Strain gauges and balance systems are excellent for measuring total, integrated forces and moments on the entire model. Our FSR arrays excel at providing distributed surface pressure data. The two systems are complementary; FSRs explain why the total forces are what they are by showing the detailed pressure distribution, while balances measure the net result.
Can your sensors operate in transonic or supersonic wind tunnels?
Our sensors are designed to operate across a wide range of conditions. However, performance in specific high-speed or high-temperature environments should be discussed with our engineering team. We can select materials and designs to meet the specific requirements of your test envelope.
What is the process for integrating your sensors onto our custom wind tunnel model?
The process begins with a consultation to understand your model’s geometry and testing goals. We then design a custom sensor array. The thin, adhesive-backed sensors are then carefully applied to the model’s surface. We provide detailed application guidelines to ensure optimal bonding and performance.
What data output is provided by the sensor system?

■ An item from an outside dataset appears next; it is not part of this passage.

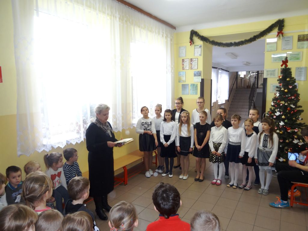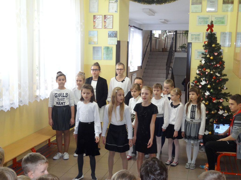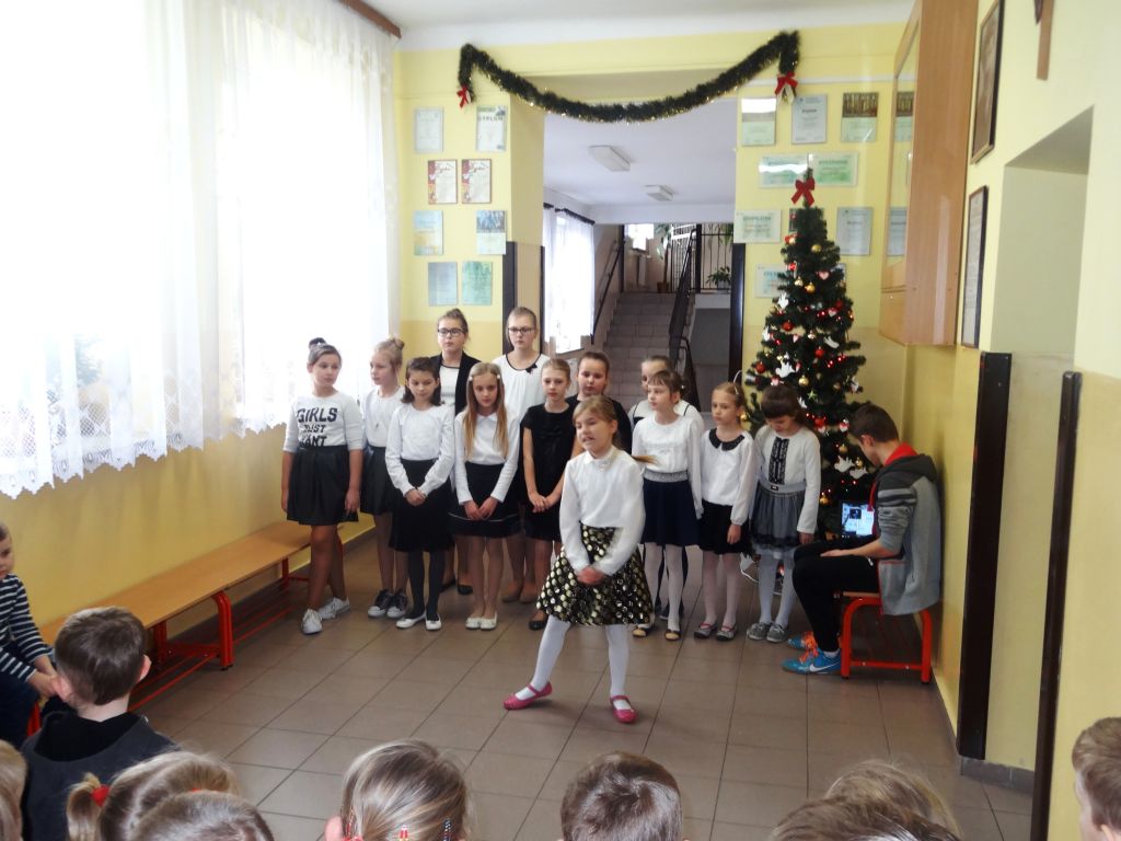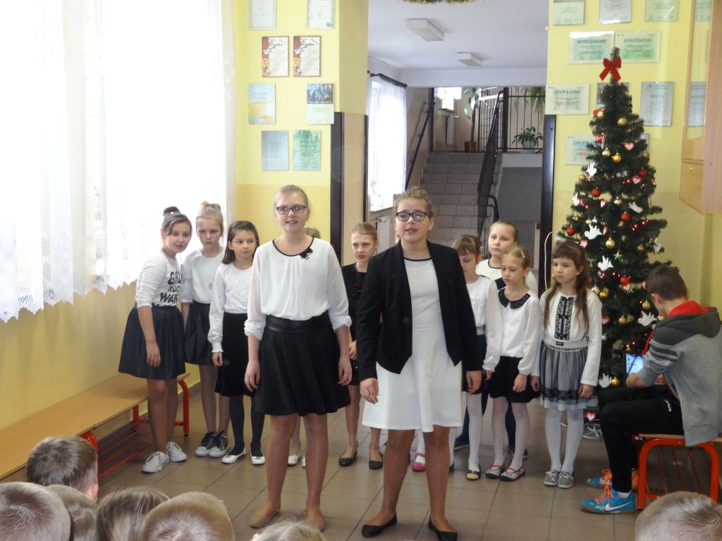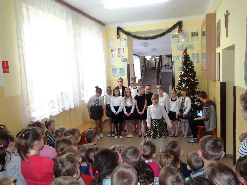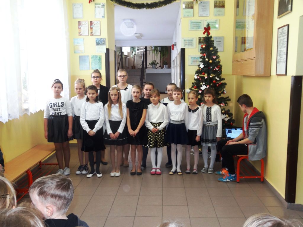 W piątek, tuż po feriach dziewczynki jeszcze raz zaprezentowały nagrodzone kolędy i pastorałki. Tym razem był to występ dla naszej szkolnej społeczności.

The raw output is a change in electrical resistance. When used with a calibrated data acquisition system, this is converted into force (Newtons) or pressure (Pascals) values for each sensing point in the array. This data can be exported in standard formats for analysis in software like MATLAB, LabVIEW, or Python.
Are the sensors reusable?
The sensors are designed for robust performance throughout a test campaign. However, since they are typically bonded to a specific model with strong adhesive to ensure they do not detach during testing, they are generally considered part of that model for its testing lifecycle and are not easily transferred between different models.